**TRY IT:** Retype nothing except the lines below from the one with "Tall tote with" through the one with "User & User", exactly, with images left out.
DATA RECORDS section start
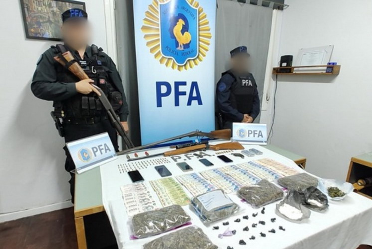 En un procedimiento impulsado por el Ministerio de Seguridad Nacional , agentes del Departamento Federal de Investigaciones (DFI) de la Policía Federal Argentina (PFA) desarticularon un punto de venta de drogas en la mencionada ciudad y detuvieron a un sujeto y a su hijo por venta de estupefacientes al menudeo.
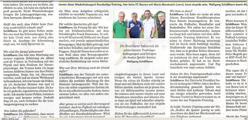 Prof. Schöllhorn: Wenn die Anfrage kommt. Aber im Ernst: Wir fangen jetzt mit dem differenziellen Training in Hasloh an. Dort entsteht das erste bundesweite Fußball-Leistun
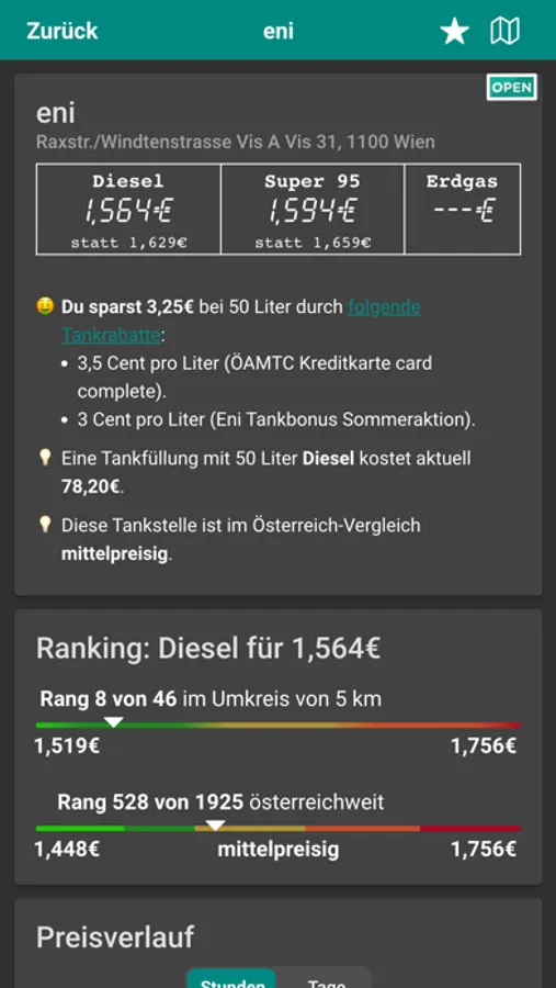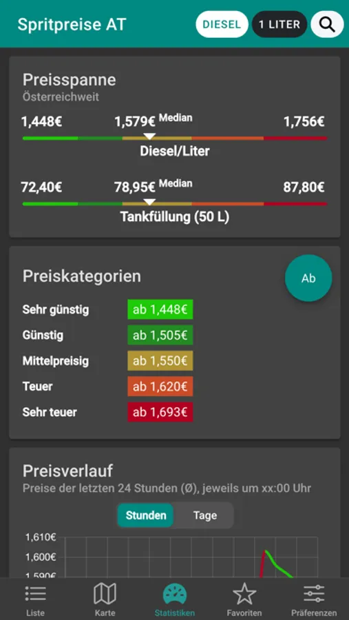 - Preisverläufe und Trends: Unsere App zeigt dir, wie sich die Preise in den letzten Monaten entwickelt haben, damit du taktisch zum richtigen Zeitpunkt tanken kannst.
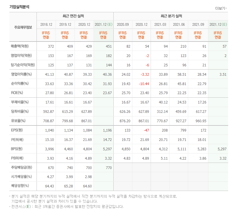 매출액은 꾸준히 늘어나고 있고, 영업이익이 대단합니다. 40%대네요~
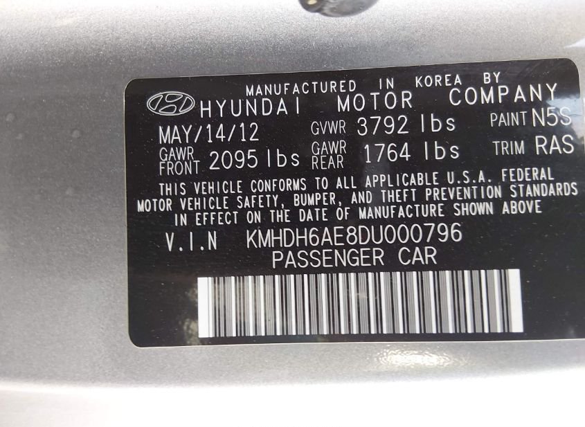 - VIN: KMHDH6AE8DU000796
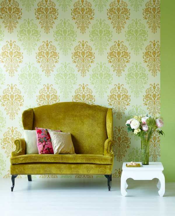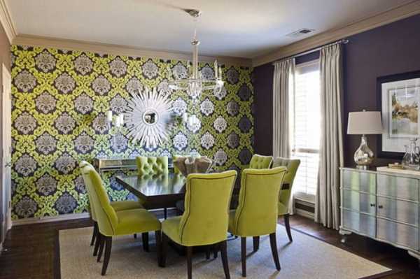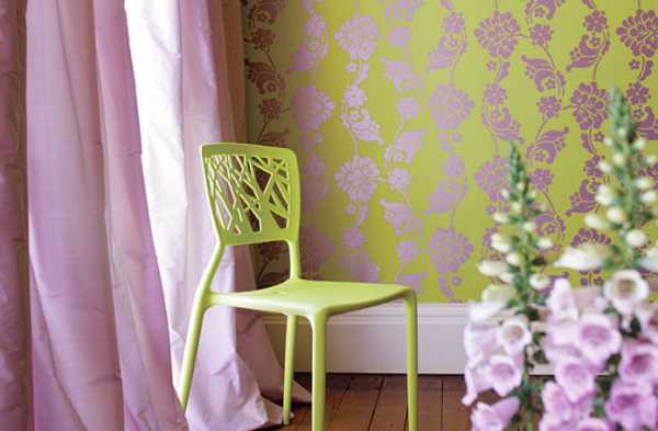 На фото интерьер и салатовые обои с сиреневым узором.
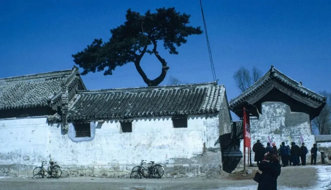 这面白墙顶着灰瓦,屋后探出一棵老松,风一来枝条就像要从墙上走下来,墙脚靠着几辆黑黢黢的自行车,院门口贴着布告,街坊凑过去看得认真。
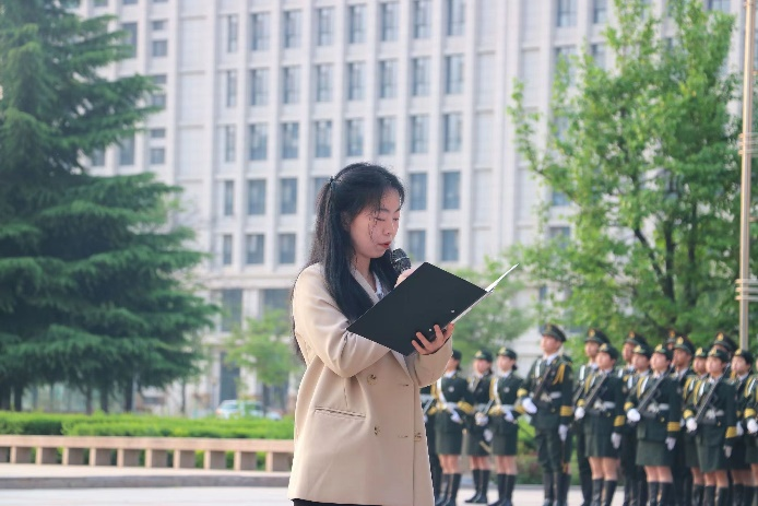 紧接着,英师2001班牛小颖同学作了国旗下演讲,强调了青年人在新时代应当如何书写无悔青春,如何将个人理想融入国家发展历程,如何用实际行动践行“请党放心,强国有我”的誓言,激励我们青年大学生要在新时代踔厉奋发,不负韶华,不负人民。
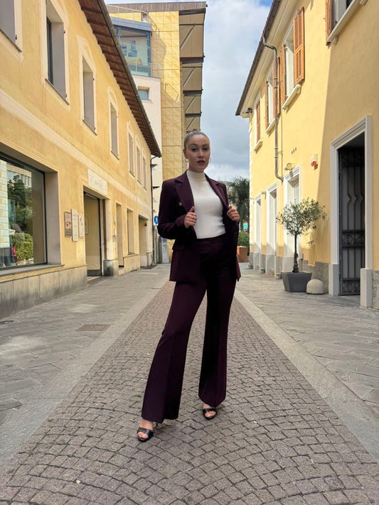 MARYLEY Tailleur giacca doppio petto + pantalone palazzo bordeaux
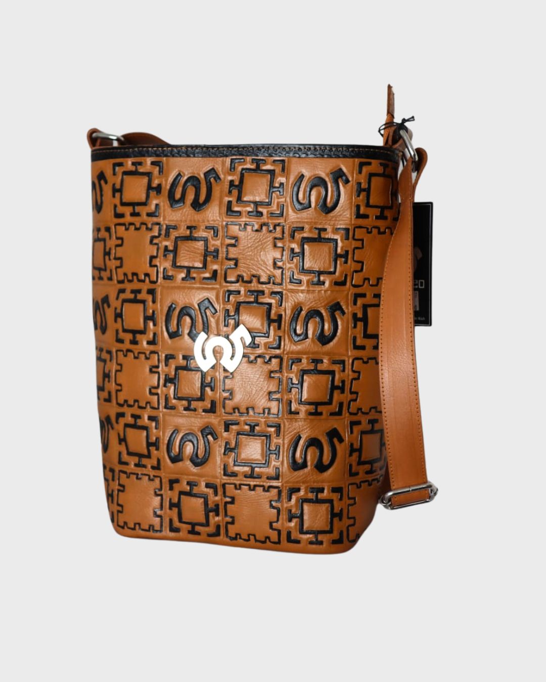 Tall tote with vintage tribal flair, ideal for unique expression.
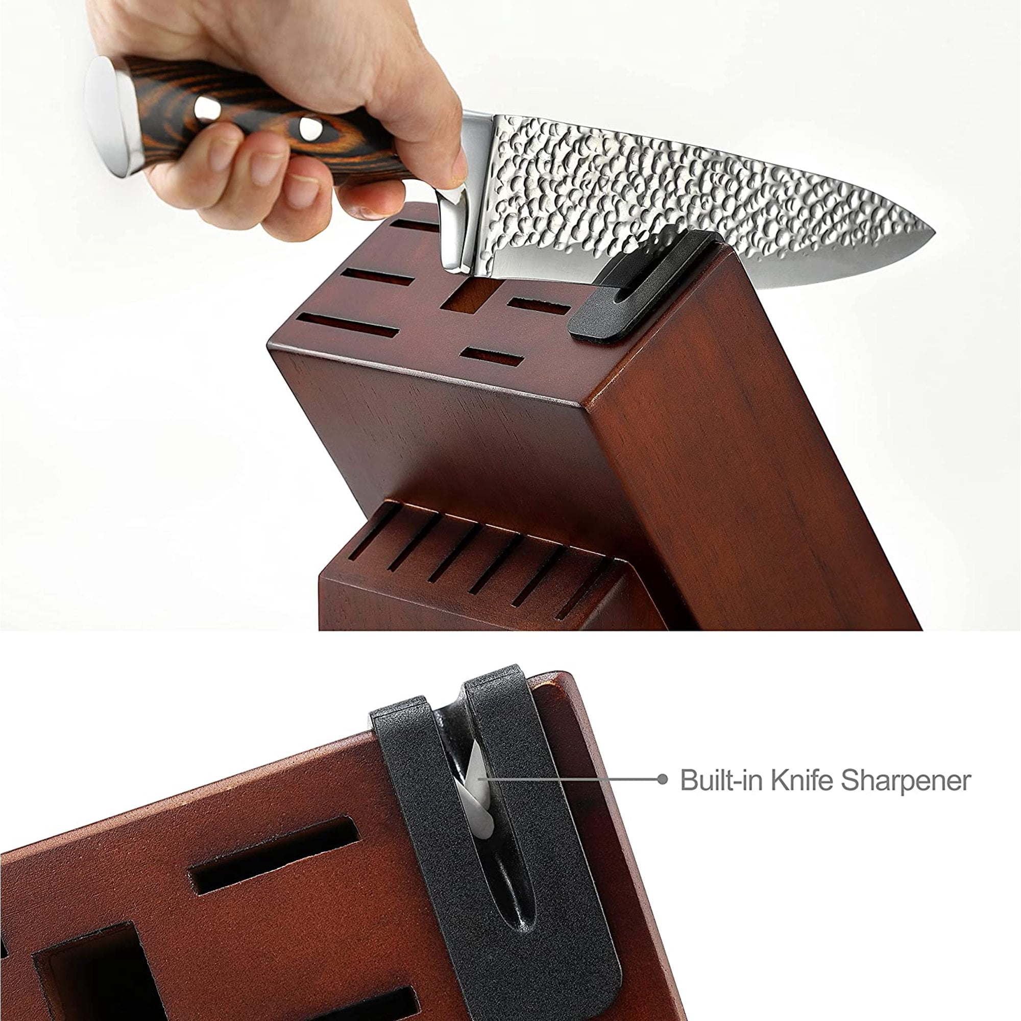 The smartly designed knife block, with built-in sharpener for easy and convenient sharpening for fine/straight edge blades, you can sharpen blades any time, so as to meet your daily food preparation needs, no need to worry about the blade becomes blunt.
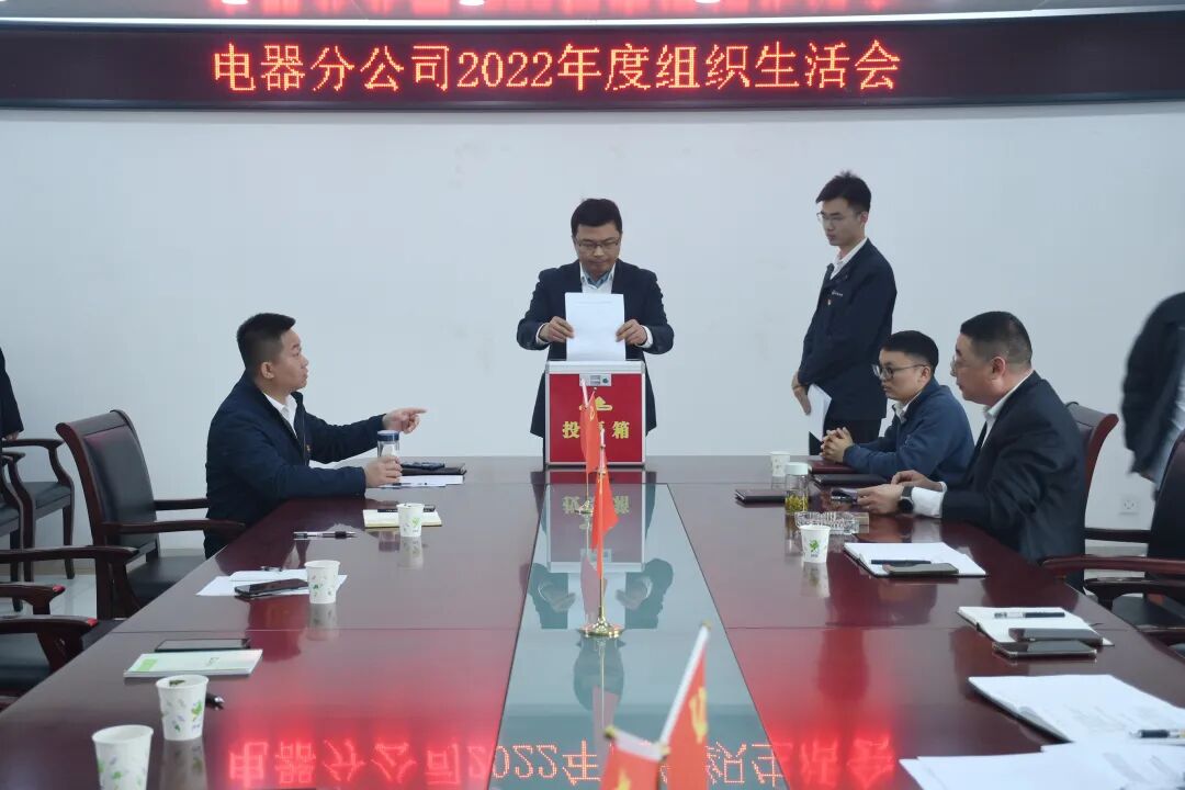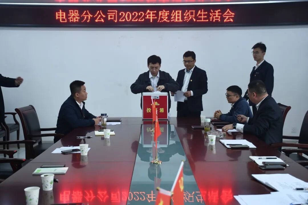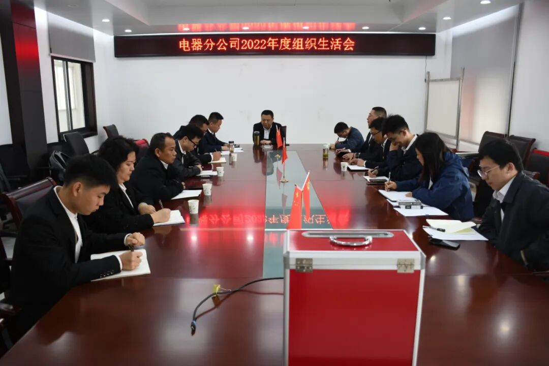 3月30日上午,电器分公司党支部召开2022年度组织生活会并开展民主评议党员工作。公司副总经理宋涛莅临指导。公司党群工作部副部长耿汉东参加会议,分公司党支部书记朱晓林主持会议。
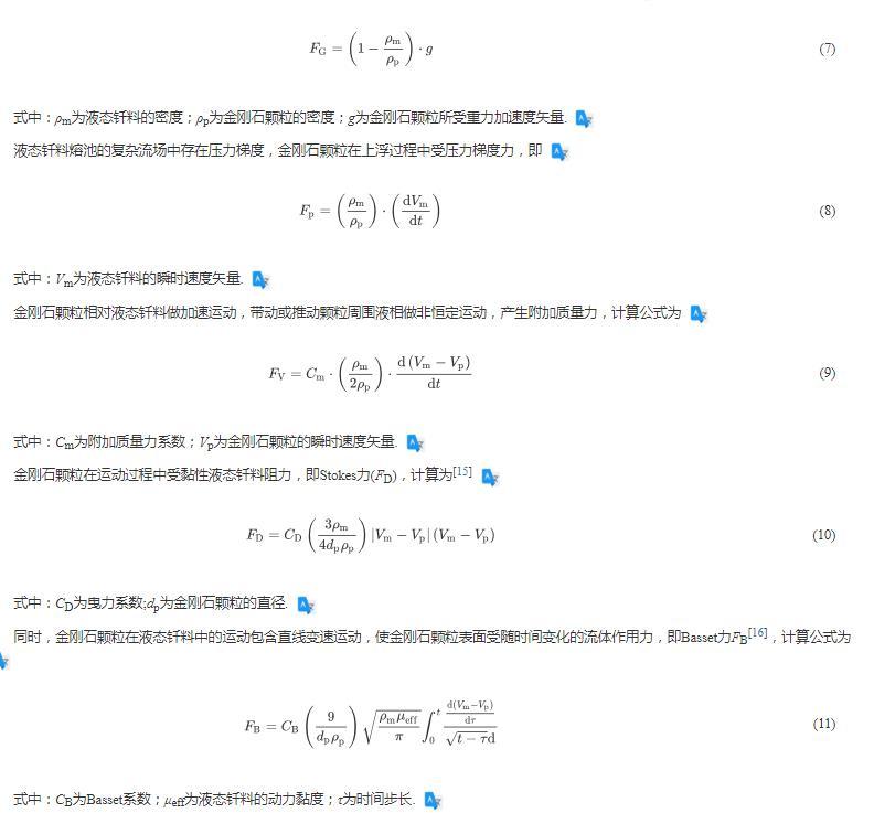 同時(shí),金剛石顆粒在液態(tài)釬料中的運(yùn)動(dòng)包含直線變速運(yùn)動(dòng),使金剛石顆粒表面受隨時(shí)間變化的流體作用力,即Basset力FB,計(jì)算公式為
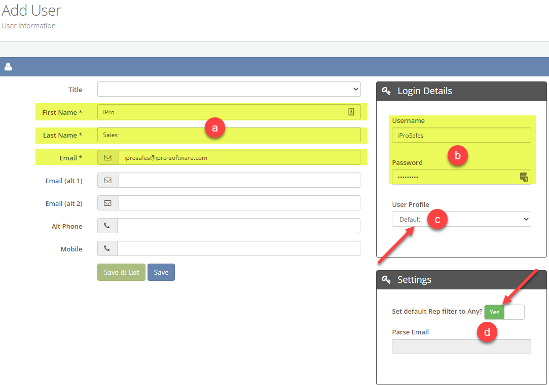 User & User Profiles define what parts of the system each person has access too and will determine what data they can see once logged in to iPro.
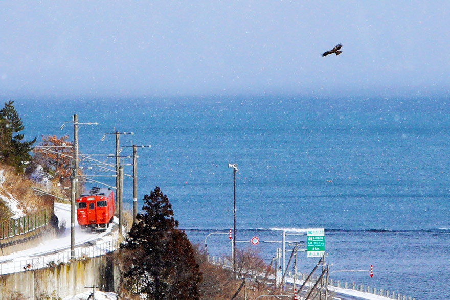〔 道南いさりび鉄道 茂辺地~渡島当別 津軽海峡が一望、青い海に朱色のディーゼルカーがよく映えます! 〕
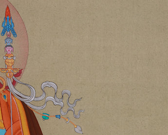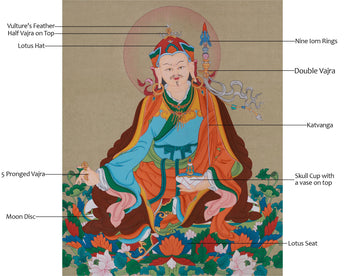 The balanced composition places Guru Rinpoche on a lotus seat, symbolizing purity and enlightenment. The vulture's feather and half-vajra atop his hat symbolize transcendent wisdom. In his right hand, he is holding a five-pronged vajra that represents indestructible truth, and the skull cup with a vase in his left hand signifies the transformation of ignorance into wisdom. The katvanga resting on his shoulder is an emblem of his mastery over samsara.
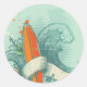 Graphic illustration of a surfboard and ocean waves with weathered looking design
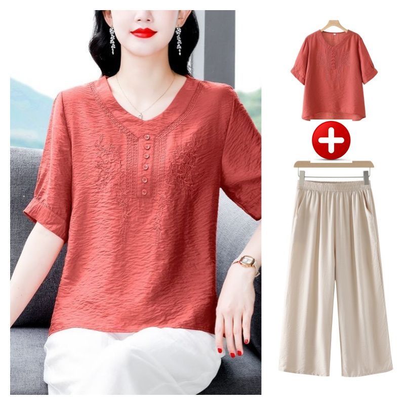 大码中老年妈妈套装女300斤大码刺绣夏季新款时尚宽松短袖两件套
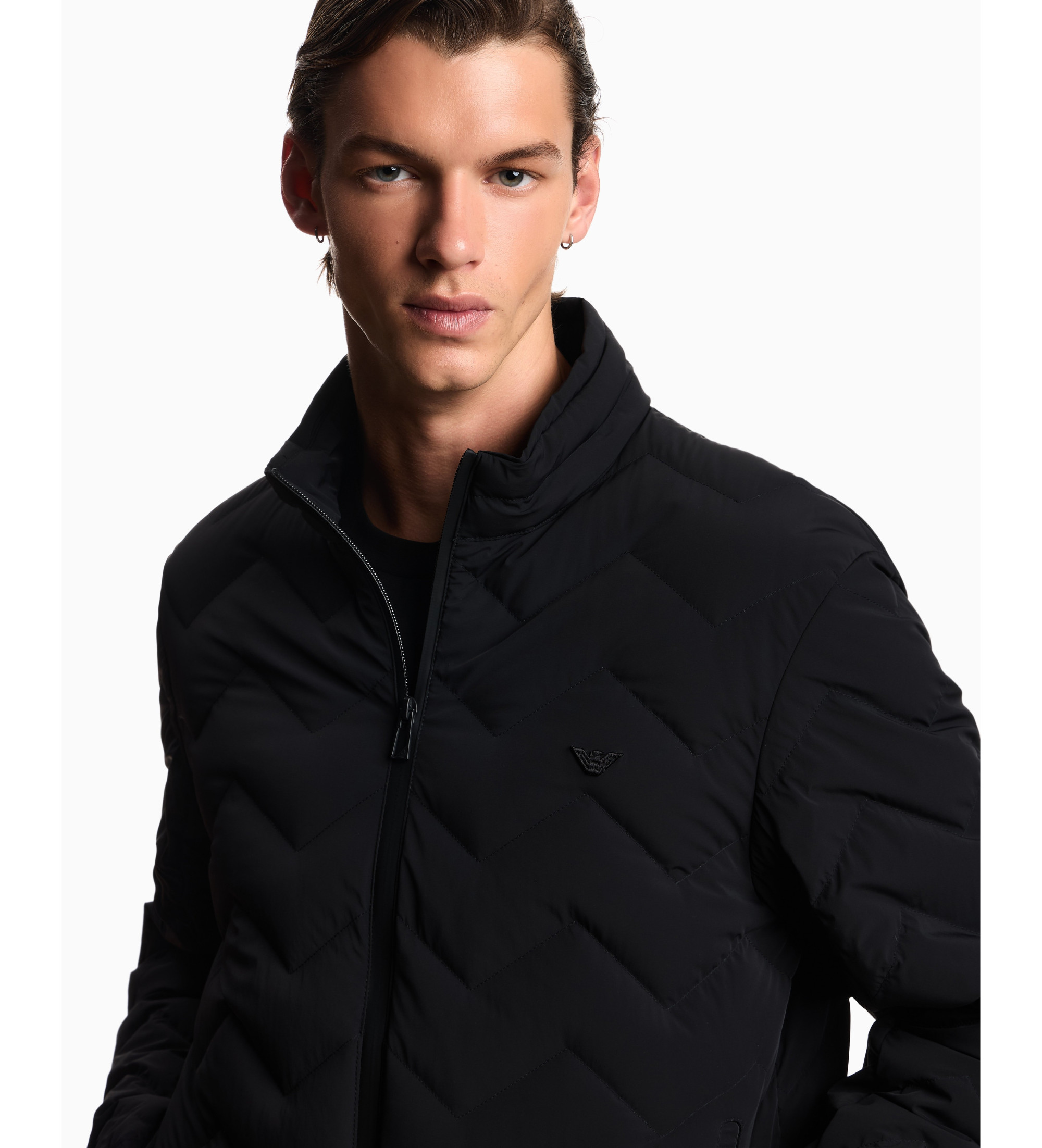 Piumino full-zip realizzato in nylon spandex con trapuntatura a chevron. Il tessuto coniuga un'eccezionale leggerezza a una resistenza e una durevolezza straordinarie. Queste caratteristiche, unite alle proprietà idrorepellenti, lo rendono adatto a innumerevoli situazioni, garantendo comfort e prestazioni in diverse condizioni atmosferiche. La sensazione avvolgente dell'imbottitura in vera piuma è esaltata dalla finitura trapuntata. Questo capo fa parte della collezione Essentials, l'intramontabile dichiarazione di stile di Emporio Armani: una collezione che mantiene la sua estetica consolidata, con silhouette raffinate e pensate per un guardaroba adatto a quasi tutte le stagioni. Sono i versatili "basic" che ogni uomo dovrebbe avere nel suo guardaroba.
DATA RECORDS section end
**WRITTEN RESPONSE:**
 Tall tote with vintage tribal flair, ideal for unique expression.
 The smartly designed knife block, with built-in sharpener for easy and convenient sharpening for fine/straight edge blades, you can sharpen blades any time, so as to meet your daily food preparation needs, no need to worry about the blade becomes blunt.
 3月30日上午,电器分公司党支部召开2022年度组织生活会并开展民主评议党员工作。公司副总经理宋涛莅临指导。公司党群工作部副部长耿汉东参加会议,分公司党支部书记朱晓林主持会议。
 同時(shí),金剛石顆粒在液態(tài)釬料中的運(yùn)動(dòng)包含直線變速運(yùn)動(dòng),使金剛石顆粒表面受隨時(shí)間變化的流體作用力,即Basset力FB,計(jì)算公式為
 User & User Profiles define what parts of the system each person has access too and will determine what data they can see once logged in to iPro.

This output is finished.